## Listed entries
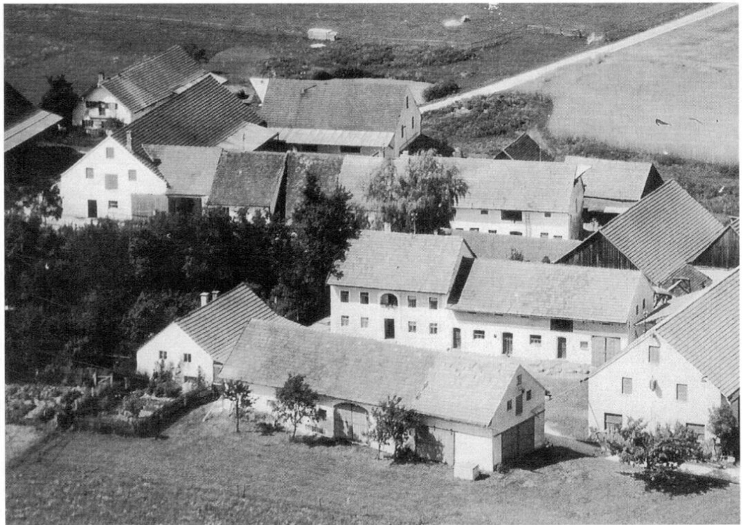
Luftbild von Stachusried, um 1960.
...
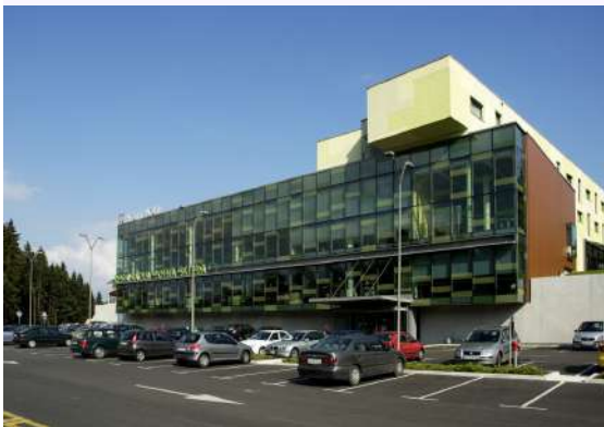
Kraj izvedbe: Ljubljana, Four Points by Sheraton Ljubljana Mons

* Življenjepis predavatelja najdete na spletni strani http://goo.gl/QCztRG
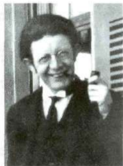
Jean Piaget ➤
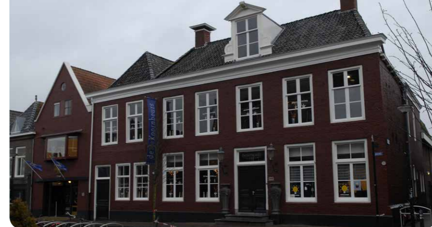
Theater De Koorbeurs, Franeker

## Exercise prompt
With the pictures omitted, restate word for word the lines above from the line that has "spletni strani http://goo.gl/QCztRG" up to and including the line that has "Theater De Koorbeurs, Franeker", and no other lines.

## Response box
* Življenjepis predavatelja najdete na spletni strani http://goo.gl/QCztRG
Jean Piaget ➤
Theater De Koorbeurs, Franeker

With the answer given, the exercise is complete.